Health Goals Suitability

Weight Loss

At just 78.9 kcal per serving, this is an excellent choice for weight management. The 3.5g of dietary fiber promotes satiety, helping you feel full longer. The low-calorie vegetables keep the energy density low.

Diabetes

Moderate glycemic index (GI: 56). The starchy ingredients raise the glycemic load — reduce portion or pair with protein-rich sides. Adding a fiber-rich side dish can help moderate the blood sugar response.

Muscle Gain

Low protein content (2.9g per serving) — not sufficient alone for muscle building. Combine with high-protein sides like paneer, eggs, chicken, dal, or a protein shake to reach 25-30g protein per meal.

Heart Health

Low cholesterol (3.1mg) and low saturated fat (1.7g) make this heart-friendly.

PCOS

Moderate-to-high GI (56) can spike insulin — Women with PCOS should pair this with fiber-rich vegetables and a protein source to improve the insulin response. Consider replacing refined ingredients with whole grains or millets.

Thyroid

No goitrogenic ingredients — generally safe for thyroid conditions. The spices aid digestion, which can be sluggish in hypothyroidism.

Portion Guidance

Weight Loss

1 Small Cup (~105.1g). A light, kcal-friendly portion. Pair with roti or salad for a complete meal under 300 kcal.

Muscle Gain

1 Small Cup (~105.1g) plus a protein-rich addition (100g paneer, 2 eggs, or 1 cup dal) to hit 25-30g protein per meal.

Diabetes

1 Small Cup (~105.1g). Pair with whole wheat roti (not rice) to lower glycemic load. Eat protein and fiber portions first, carbs last.

General

1 Small Cup (~105.1g) provides a balanced portion. Adjust based on your daily kcal target — track accurately in the Hint app.

Recipe Modifications

Boost protein

Add 50g paneer, a boiled egg, or a side of sprouted moong dal. Stirring in 1 tbsp of peanut butter also adds 4g protein.

Lower glycemic load

Replace refined flour (maida) with whole wheat atta, or swap white rice with brown rice or millets like jowar/bajra.

Make diabetes-friendly

Replace potato with cauliflower or bottle gourd. Add a squeeze of lemon — the acidity lowers glycemic response.

Meal prep friendly

Misra udbhijja dai tarakari stores well for 2-3 days refrigerated. Reheat on stovetop for best texture. Prepare ingredients in advance for quick weeknight cooking.

Common Mistakes

Using too much oil or ghee

Why it matters: Excess oil can double the calorie content without adding nutritional value.

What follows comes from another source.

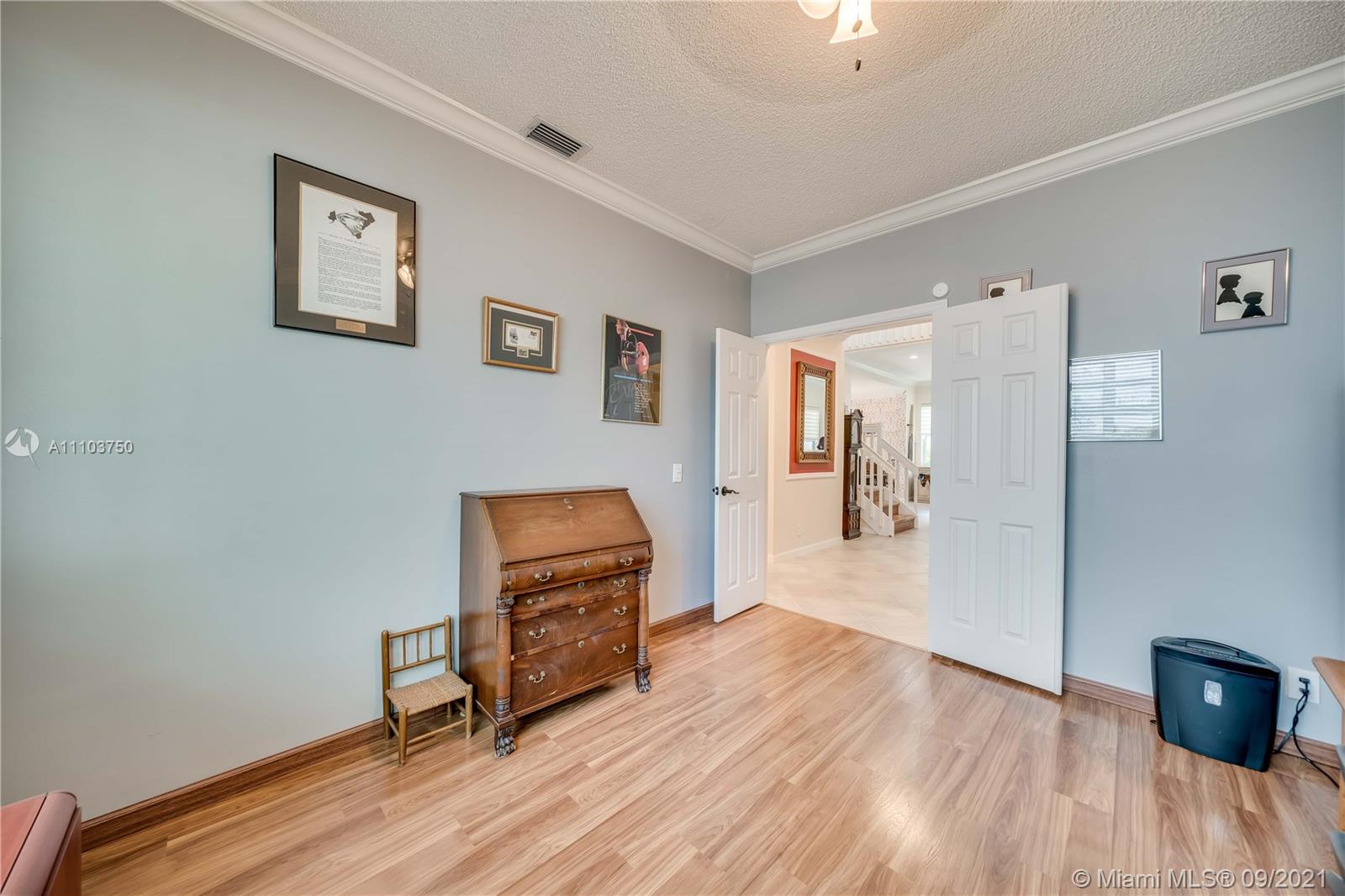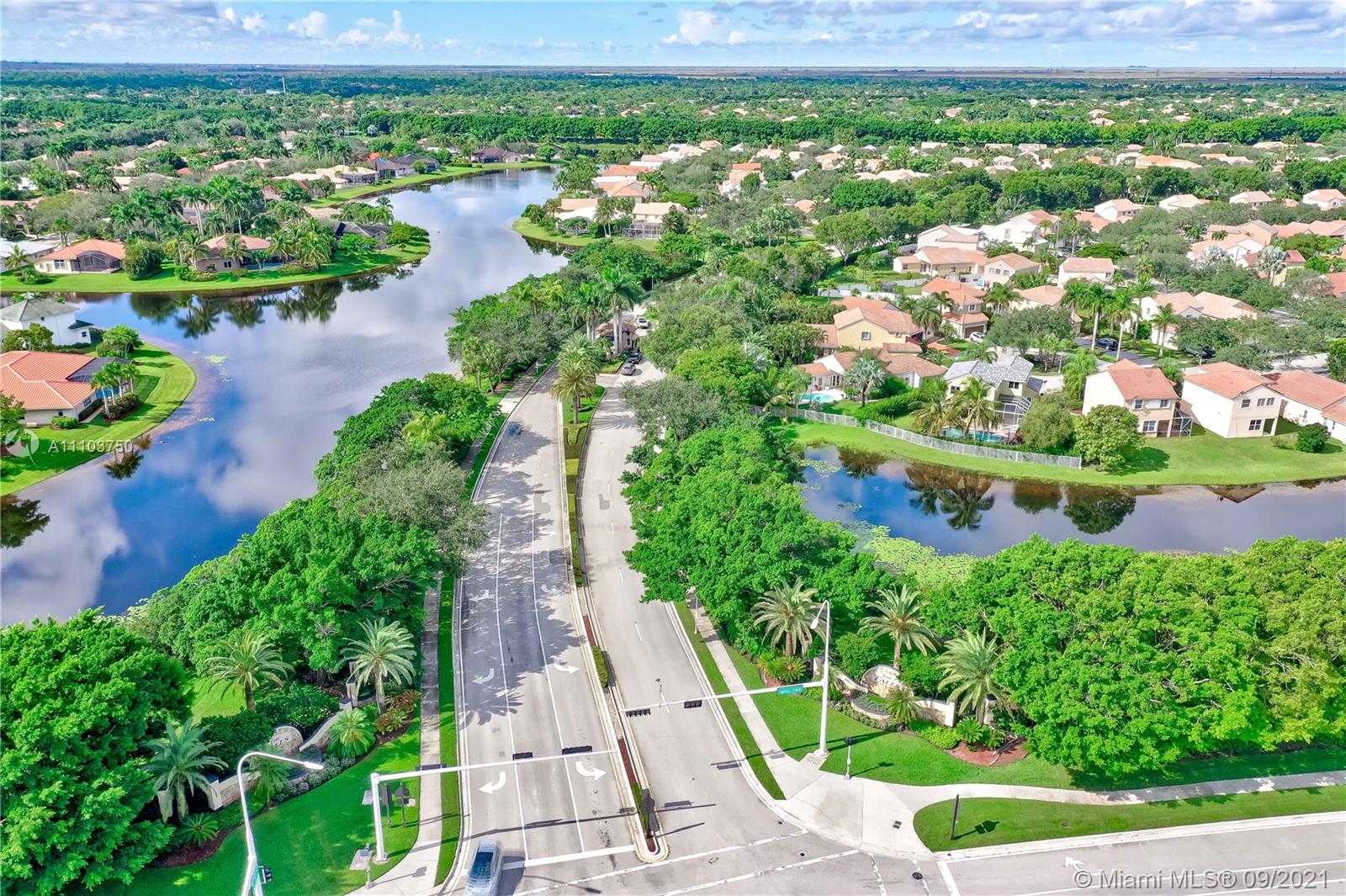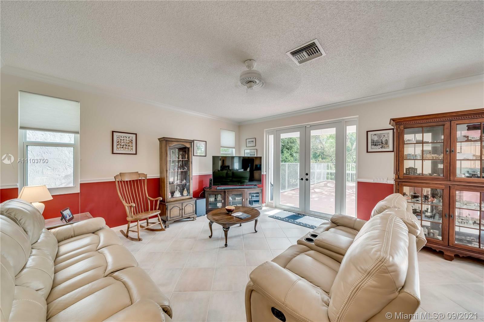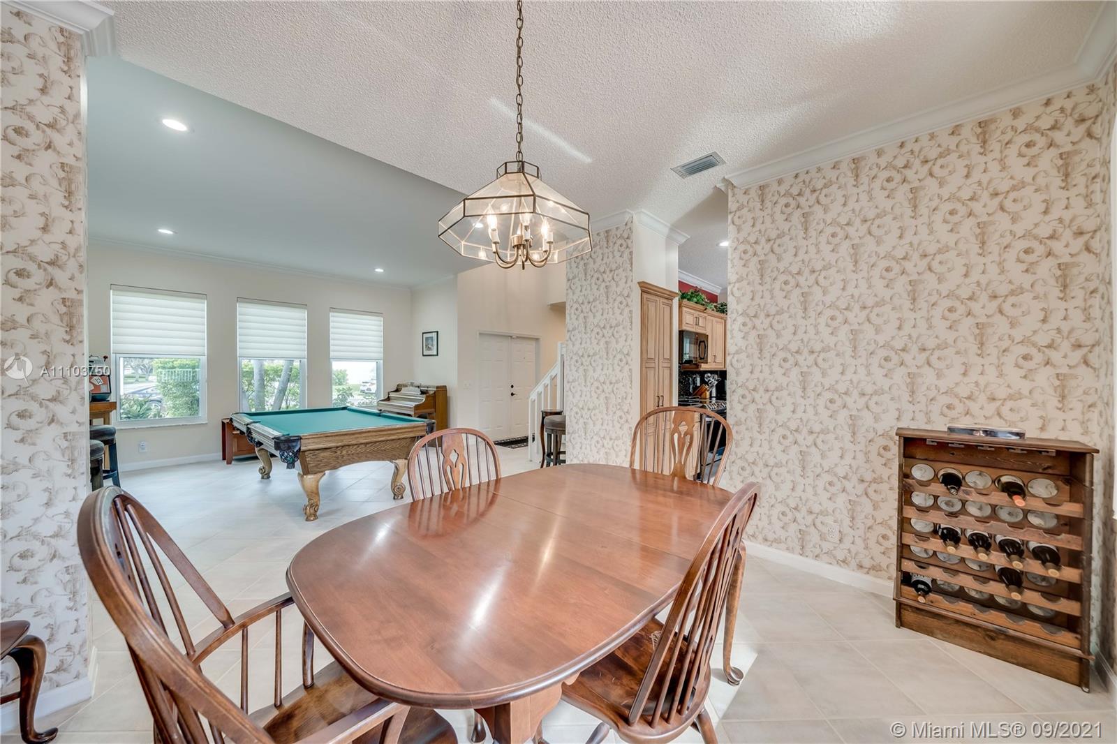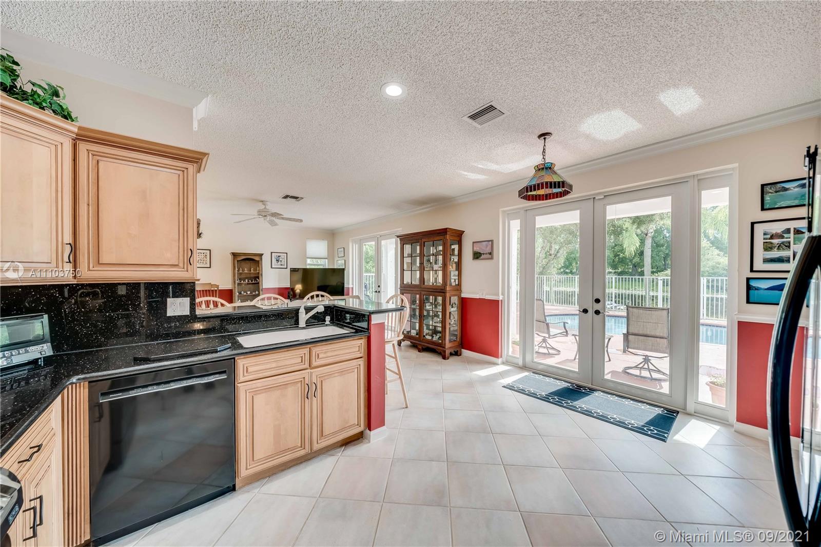 Gorgeous 5/3 plus den, pool & lakefront home located on a cul-de-sac in Guard gated community of The Falls! Impact glass windows & doors installed in 2020! Metal roof 2006. Tile flooring laid diagonally on first floor main living area. Deep baseboards, chair rail, & crown molding throughout. Bedroom & full bath on first floor. Remodeled kitchen features wood cabinetry, granite countertops & new appliances w/induction & convection stove/oven. Master bedroom has two walk in closets/ master bath with double vanity, soaking tub & separate shower w/steam & rain shower head. Additional bedrooms upstairs along w/large den, perfect for a playroom, office or movie room! AC 2016. Water heater 2015. Heated pool. A+ Rated schools. Community features pool, children's playground, full basketball court.

Fix: Measure oil with a tablespoon instead of pouring freely. 1 tbsp = 120 kcal.

Adding salt without measuring

Why it matters: Excess sodium increases blood pressure risk. Indian cooking already uses salt-heavy ingredients like pickles and chutneys alongside.

Fix: Use ½ teaspoon salt and taste before adding more. Account for sodium from other meal components.

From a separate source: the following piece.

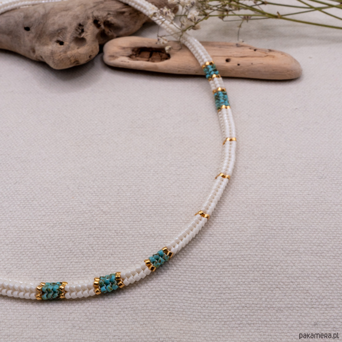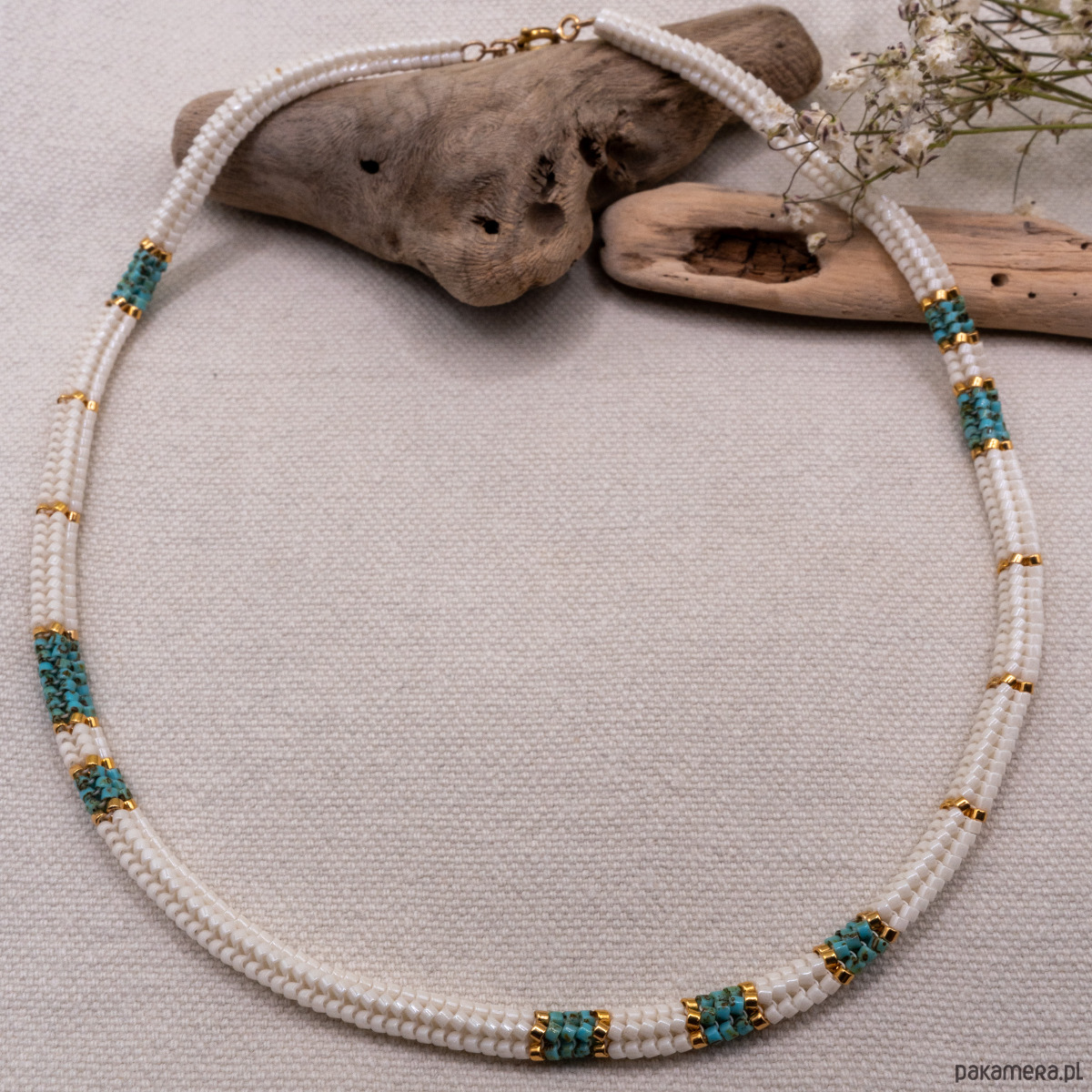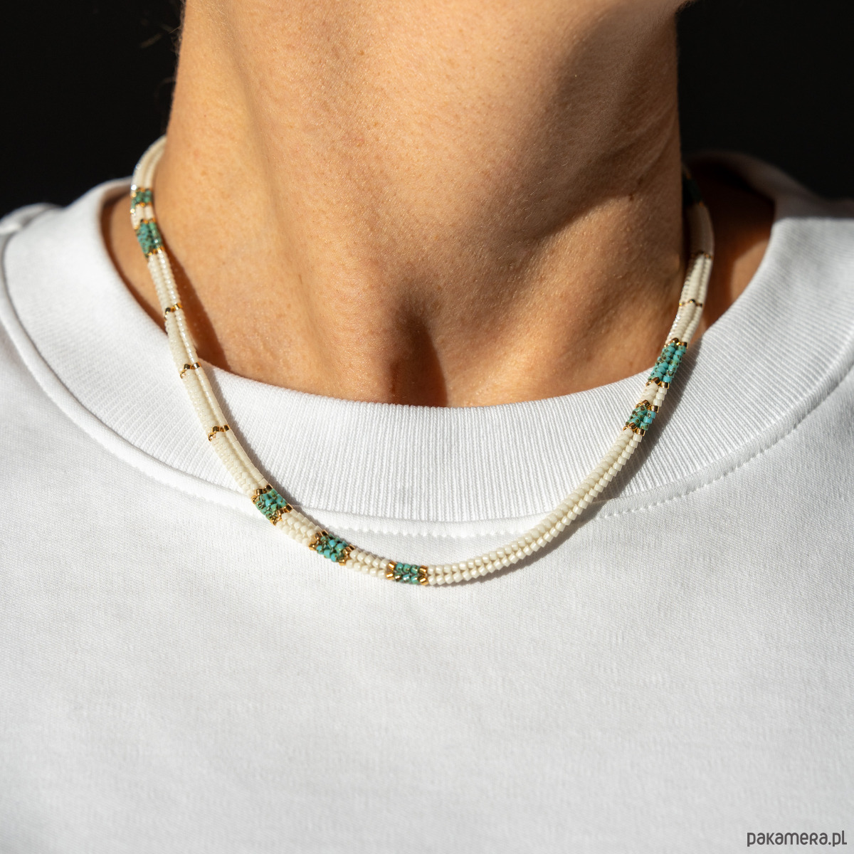 W okolicach zapięć naszyjnik jest nieco sztywniejszy. To efekt kilkukrotnego przeciągnięcia nici, które zapewnia większą trwałość i stabilność konstrukcji. Koraliki Miyuki mają różne poziomy odporności, dlatego zaleca się unikanie długiego kontaktu z wodą (zwłaszcza słoną), a także z kosmetykami i perfumami. Aby naszyjnik zachował swój wygląd na długo, polecam przechowywać go w dołączonym woreczku przeciwkurzowym.

Not measuring serving size

Why it matters: The nutrition values are for 1 standard serving. Eating 2-3x the serving means 2-3x the kcal (157.8-236.7 kcal).

Fix: Use the Hint app to scan and log the exact portion you eat for accurate tracking.

Pairing with another high-GI food

Why it matters: Eating rice with another starchy dish doubles the glycemic load, causing sharp blood sugar spikes.

Fix: Choose one carb source per meal. Pair with roti instead of rice, or add a protein-rich side.

Frequently Asked Questions

Scientific References

  1. Increased dietary fiber intake is associated with lower body weight

    Slavin JL (2005). Dietary fiber and body weight. Nutrition.

    DOI: 10.1016/j.nut.2003.09.004
  2. Probiotic-rich fermented foods support gut microbiome diversity and digestive health

    Hill C et al. (2014). The International Scientific Association for Probiotics and Prebiotics consensus statement. Nature Reviews Gastroenterology & Hepatology.

    DOI: 10.1038/nrgastro.2014.66
  3. Adequate calcium intake is essential for bone health and preventing osteoporosis

    Weaver CM et al. (2016). Calcium plus vitamin D supplementation and risk of fractures. Osteoporosis International.

    DOI: 10.1007/s00198-015-3386-5
  4. Portion control is one of the most effective strategies for managing calorie intake and body weight

    Rolls BJ (2014). What is the role of portion control in weight management? International Journal of Obesity.